**PROBLEM**
For the word "Leona", count the lines in the records below that include it and give only that number.

**SUPPLIED MATERIAL**
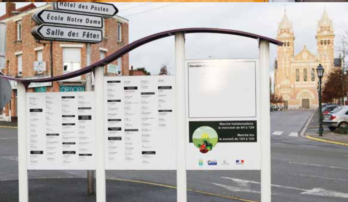
De 2000 à 2007, l'ancienne équipe a aidé 7 commerçants à hauteur de 7.763 € dans le cadre d'une action "commerces 2000" lancée par la CCI. De 2009 à 2013, notre équipe a réalisé un FISAC sur 4 ans, pour un montant total de 210.721 € (tranche 1 et 2) financés par la collectivité (aides au vitrine : 25 dossiers). En 2013, aide au démarrage (20.000 € budgétés : actuellement 16.000 € environ pour 8 dossiers).
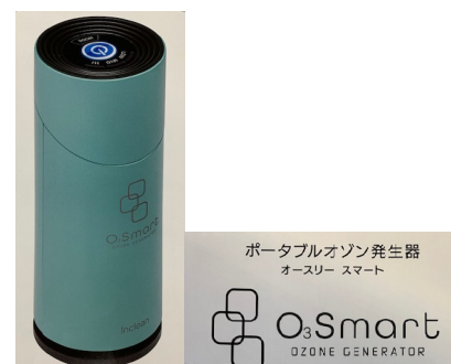
ポータブルオゾン発生器
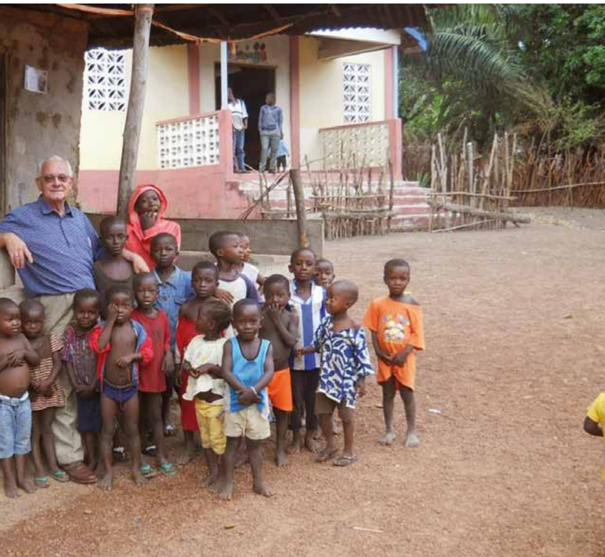
ón en Sierra Leona, afirma que «la misión sigue siendo necesaria, porque tenemos que proclamar el Evangelio y compartir la fe».

ni cuántos morirían, mientras en Sierra Leona tardó mucho el aislamiento, la ayuda, que si hubiera llegado seis meses antes se hubieran evitado muchas de las consecuencias».
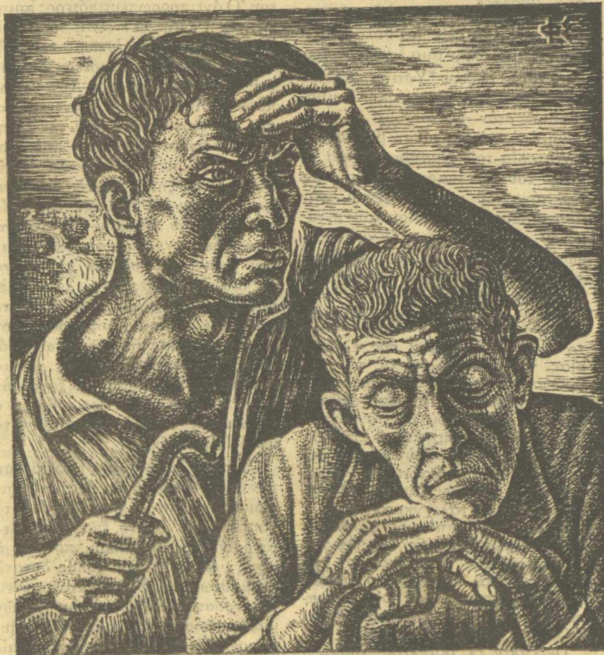
ΦΑΝΗ ΣΑΚΕΛΛΑΡΙΟΥ ΣΧΕΔΙΟ
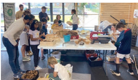
13 et 14 mai «Retour vert les futurs», week-end autour de l'écologie organisé par l'association La Tribu des explor'acteurs
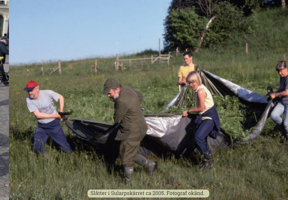
Slätter i Sularpskärret ca 2005.
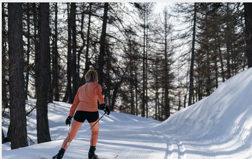
Piste n°4 : Les Grandes Têtes (Rogier Van Rijn)
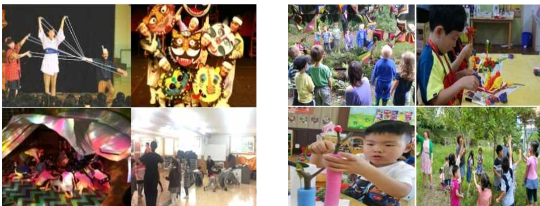
〈그림 7〉 '2017 유아 문화예술교육 학술회의' 발표 사례
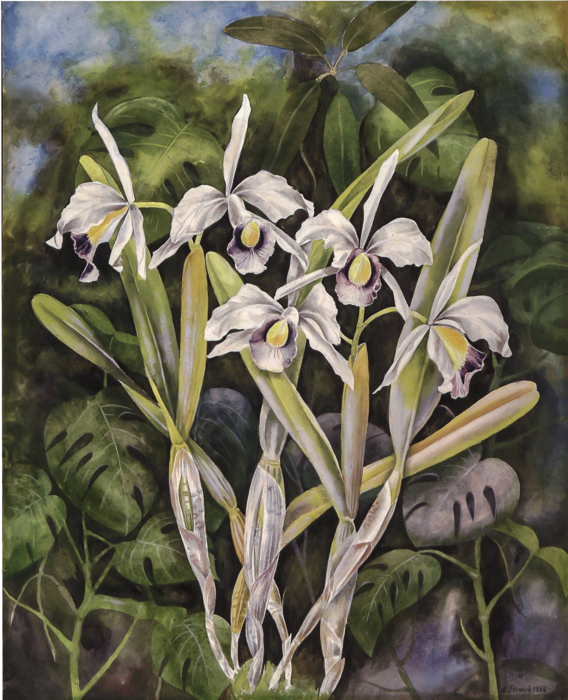
Blumenstilleben mit Orchideen, Gemälde von Ella Straub aus dem Jahr 1958.
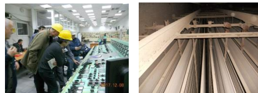
Vizitat për hulumtimin në terren të TC-ve

Aktivitetet e zhvilluara në dhjetor 2017 kanë qenë shqyrtimi i kontrollit të emisioneve në termocentrale (këtu e tutje "TC") dhe mbledhja e informacionit për Vlerësimin e Cilësisë së Ajrit përmes mbajtjes së seminarit.
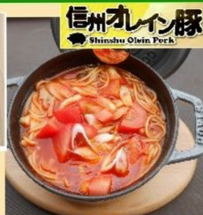
信州オレイン豚 & トマトオーブラーメン 各種950円
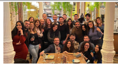
Afterwork des YP Madrid, février 2022

**YOUR SOLUTION**
2